**EXERCISE OBJECTIVE**:
Reproduce from the records below, with no pictures, exactly the lines between the one containing "暗闇で強い光が当たるとストライプが反射して光ります。" and the one containing "Mr. Đàm vui", inclusive.
==================================================
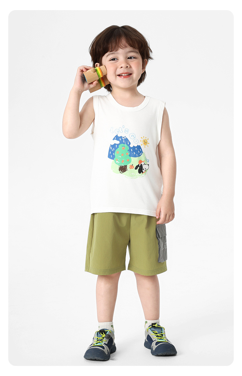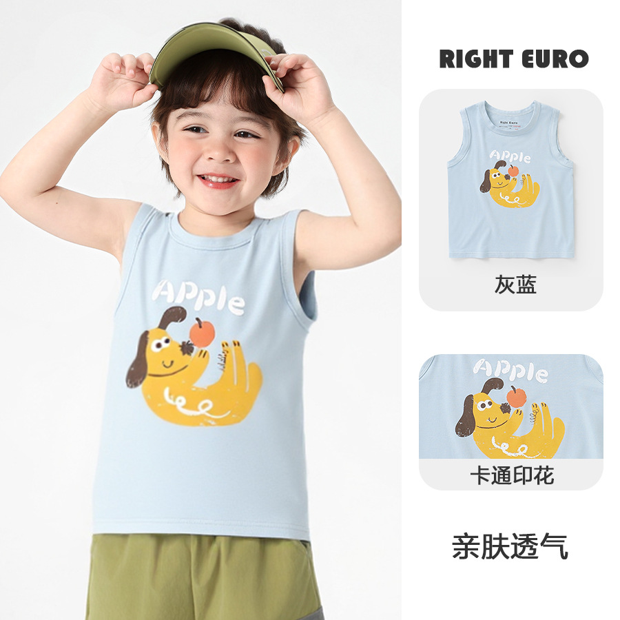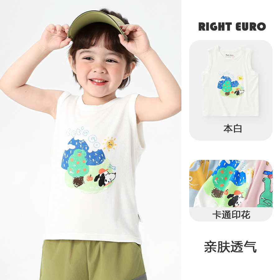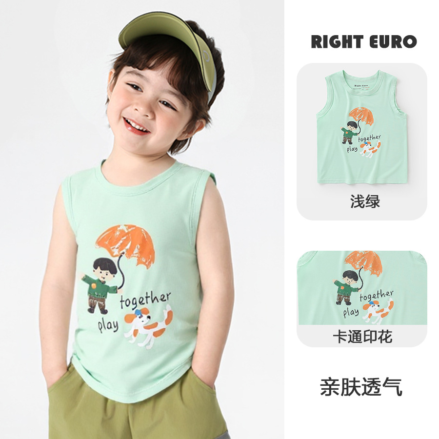 오른쪽 유럽 소년 조끼 여름 2025 새로운 아동복 어린이 아기 작은 소년 민소매 티셔츠 여름 얇은스토어 가기
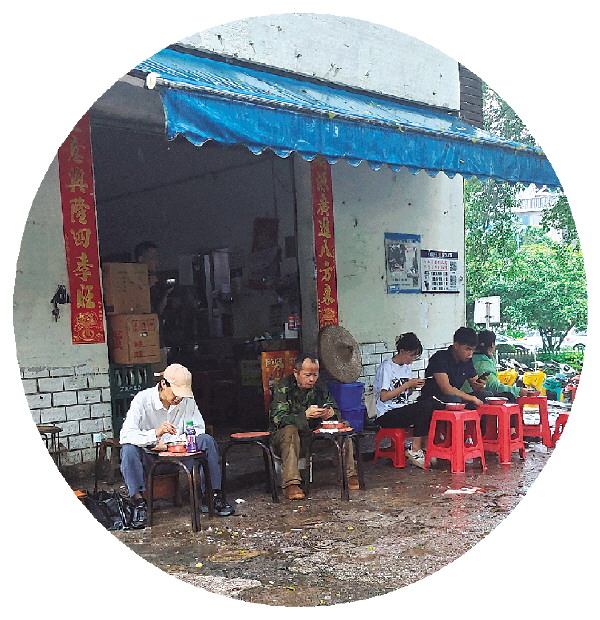 “在门口吃更有味道。”一名顾客跟记者调侃道,虽然小店的用餐环境有些简陋,但这家店是街坊邻里吃了很多年的老店,不仅味道好,嗦粉的时候还能遇到邻居熟人,几个老友坐在一起聊天,别有一番风味。“有句话说得好,自家楼下的米粉最好吃,这可能是因为有人情味加分吧。”
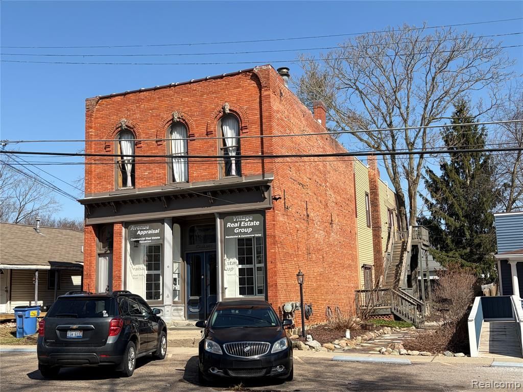 Welcome to 3568 Avon Street - a 2-story commercial/residential mixed-use building in the Village area of Hartland. The building was originally built in 1876 and is one of a few surviving commercial structures in the Village with loads of history, character, and charm. Extensively renovated in 2017 - 2019 with additional updates in recent years. The first floor consists of 1,918 SF of commercial space used as a real estate office that will be vacated at closing. The second floor is a 1,964 SF - 3 bed/2 bath apartment which is being vacated by April 30, making the entire building available for immediate occupancy. Second floor apartment features lofted ceilings, exposed brick, and original 12" wide heart pine plank wood floors. Newer kitchen with granite counters, renovated main bathroom, laundry area, 2nd floor deck, and much more. Windows on all four sides provide tons of natural light. Full basement beneath and attic in between 1st and 2nd floor provide great storage area. Mostly fenced private backyard and extensively landscaped grounds with stone path and variety of plantings. Close proximity and walking distance to elementary schools, middle school, high school, and numerous parks. Own this vintage and historic building with large living quarters and ground floor commercial space for less than the cost of a typical home in this market. The ultimate work from home, live/work set up, or investment with reasonable taxes. LC - Limited Commercial Zoning allows for single-family, office, retail, 2-family (special use), apartments (special use), and other uses.
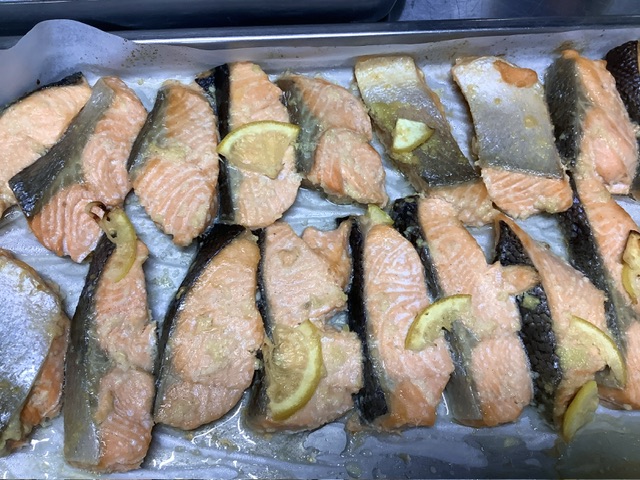 山口水産から届いた鮭を、にんにくとレモンで漬け込んでオーブンで焼き上げました。
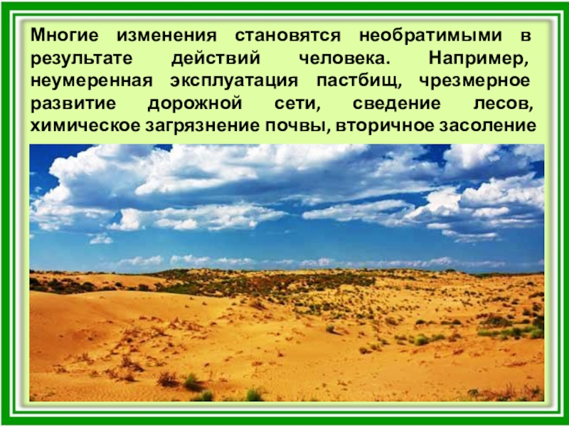 Слайд 21Многие изменения становятся необратимыми в результате действий человека. Например, неумеренная эксплуатация
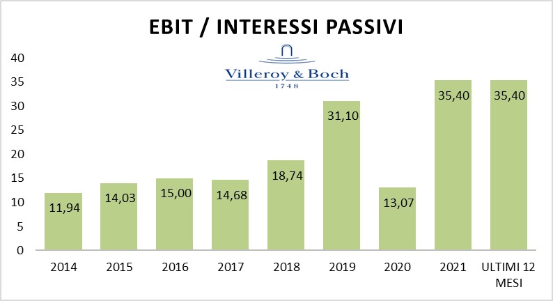 Dal grafico che segue emerge ancor più chiaramente quanto sia elevato il COVER INTEREST (EBIT / Interessi passivi).
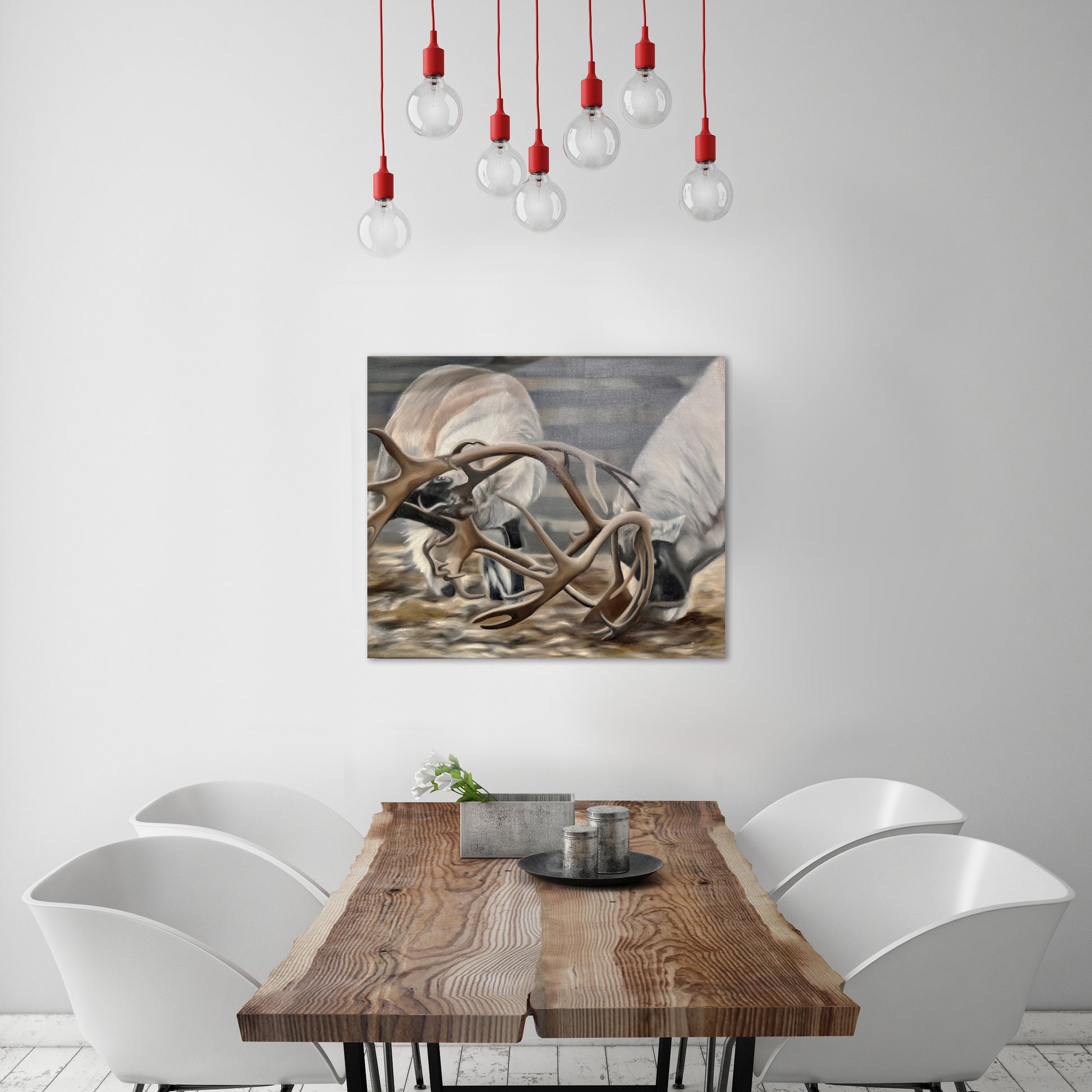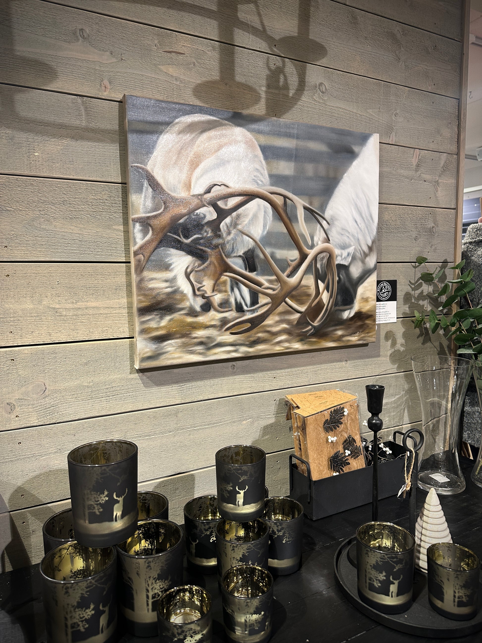 MĂ„lad med vattenbaserad oljefĂ€rg pĂ„ medelgrov kanvasduk. UppspĂ€nd pĂ„ kilram och fĂ€rdig att hĂ€ngas pĂ„ vĂ€ggen som den Ă€r om du vill.Â
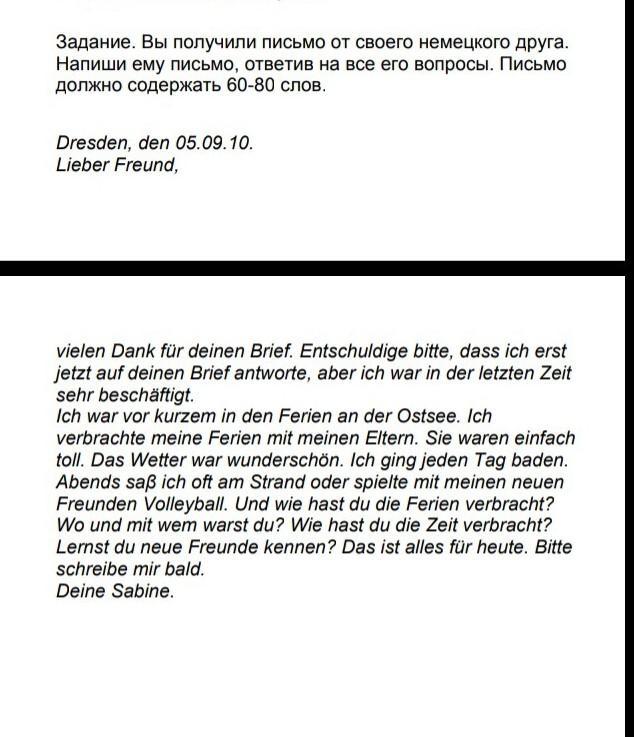 vielen Dank für deinen Brief, ich habe mich sehr gefreut! Mir geht es gut, Ich hatte tolle Sommerferien. Im Juli war ich mit meiner Familie im Gebirge. Wir sind viel gewandert. Im August war ich mit meiner Schwester am Schwarzen Meer. Wir haben im Meer gebadet und Volleyball am Strand gespielt. Ich habe neue Freunde gefunden. Ein Mädchen war auch aus Odessa. Wir treffen uns jetzt oft und verbringen gemeinsam das Wochenende.
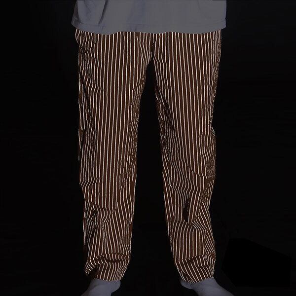 暗闇で強い光が当たるとストライプが反射して光ります。
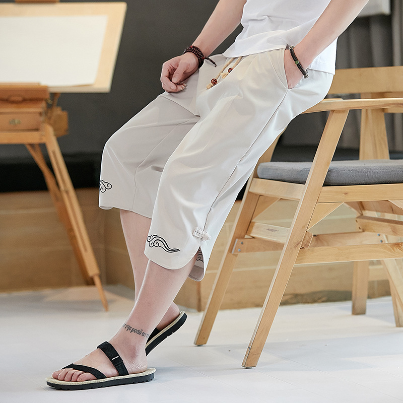 夏季宽松薄款中国风亚麻短裤男大码阔腿休闲裤哈伦棉麻七分裤男装
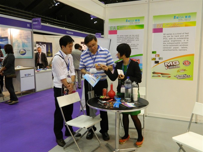 2011年10月,我們參加了FESPA于新加坡舉辦的國(guó)際絲網(wǎng)印刷展會(huì),展會(huì)上精美的印件,特別是新產(chǎn)品水性噴漆及熱轉(zhuǎn)印油墨吸引了很多買(mǎi)家前來(lái)咨詢產(chǎn)品和技術(shù)信息,為美嘉進(jìn)一步走向世界奠定了良好的基礎(chǔ)。
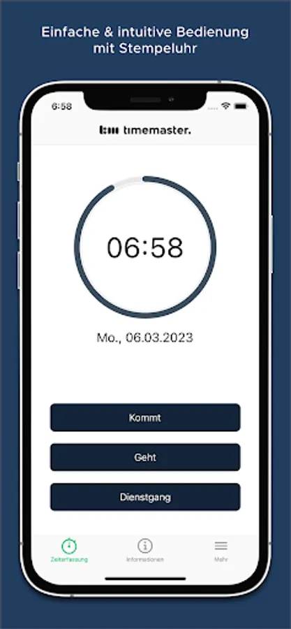 Further information on the timemaster time recording system for companies and the timemaster app can be found on our website www.timemaster.de. You can also contact our hotline on +49 (0) 491 6008 460. We would be happy to advise you personally. Information on testing the free demo version of the app can be found at: https://www.timemaster.de/zeiterfassung/demo.de
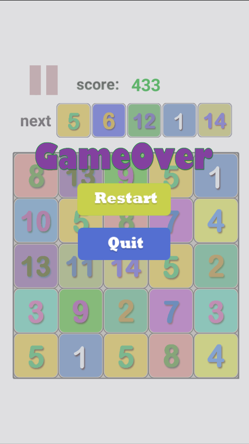 击某一个数字,如果界面中的格子是当前数 字可以到达的(数字可以直线或者对角线移动),那么格子的颜色会变成灰色,然后点击某个灰色的格子, 如果格子中有数字并且等于当前的数字,那么当前数字会移动到选择的灰色格子下,数字会加1并且得到数字加1的分数,然后界面中加载Next 中的数字。直到数字中得到21或者所有的数字都没有可以到达的格子游戏结束
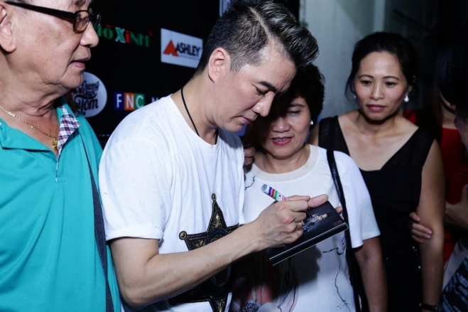 Mr. Đàm vui vẻ chụp hình "tự sướng" cùng các mạnh thường quân sau buổi đấu giá. Bên cạnh đó, một vị khách không mua được chiếc túi hàng hiệu mà nam ca sĩ rao bán cũng quyết định dành trọn 190 triệu đồng để ủng hộ cho quỹ của Mr. Đàm.
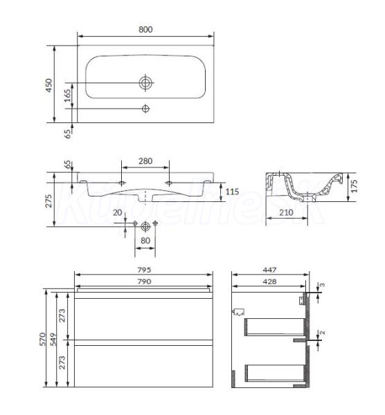 Súprava obsahuje umývadlovú skrinku MODUO vo verzii na vlastnú montáž s umývadlom MODUO 80. Predná časť skrinky je vyrobená z MDF dosky, lakovaná v antracitovej farbe. Skrinka má pohodlné frézované úchytky a systém tichého zatvárania dvierok.
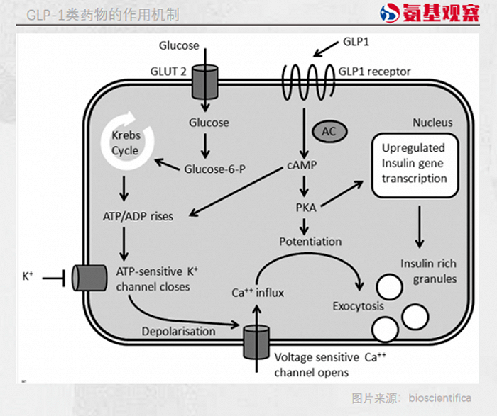体外研究显示,GLP-1受体激活会刺激胰岛素基因转录同时抑制细胞凋亡,甚至刺激细胞生长。当其长期用于治疗2型糖尿病时,GLP-1 受体途径的调节能恢复功能性β细胞群的作用,为糖尿病的治疗发挥作用。
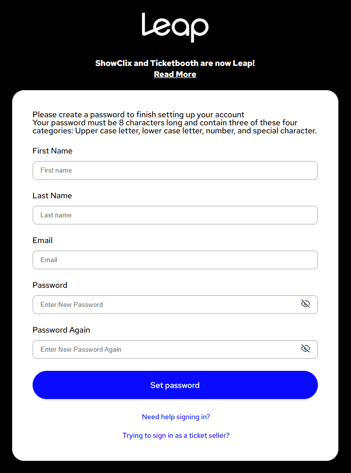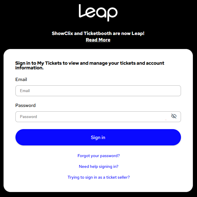 If you need assistance logging in, then please contact Leap Support by clicking on the "Need help signing in?" link at the bottom of the login screen or go to the Leap (formerly ShowClix) Event Help Center page to submit your support ticket.
==================================================
**EXPECTED ANSWER**:
 暗闇で強い光が当たるとストライプが反射して光ります。
 夏季宽松薄款中国风亚麻短裤男大码阔腿休闲裤哈伦棉麻七分裤男装
 2011年10月,我們參加了FESPA于新加坡舉辦的國(guó)際絲網(wǎng)印刷展會(huì),展會(huì)上精美的印件,特別是新產(chǎn)品水性噴漆及熱轉(zhuǎn)印油墨吸引了很多買(mǎi)家前來(lái)咨詢產(chǎn)品和技術(shù)信息,為美嘉進(jìn)一步走向世界奠定了良好的基礎(chǔ)。
 Further information on the timemaster time recording system for companies and the timemaster app can be found on our website www.timemaster.de. You can also contact our hotline on +49 (0) 491 6008 460. We would be happy to advise you personally. Information on testing the free demo version of the app can be found at: https://www.timemaster.de/zeiterfassung/demo.de
 击某一个数字,如果界面中的格子是当前数 字可以到达的(数字可以直线或者对角线移动),那么格子的颜色会变成灰色,然后点击某个灰色的格子, 如果格子中有数字并且等于当前的数字,那么当前数字会移动到选择的灰色格子下,数字会加1并且得到数字加1的分数,然后界面中加载Next 中的数字。直到数字中得到21或者所有的数字都没有可以到达的格子游戏结束
 Mr. Đàm vui vẻ chụp hình "tự sướng" cùng các mạnh thường quân sau buổi đấu giá. Bên cạnh đó, một vị khách không mua được chiếc túi hàng hiệu mà nam ca sĩ rao bán cũng quyết định dành trọn 190 triệu đồng để ủng hộ cho quỹ của Mr. Đàm.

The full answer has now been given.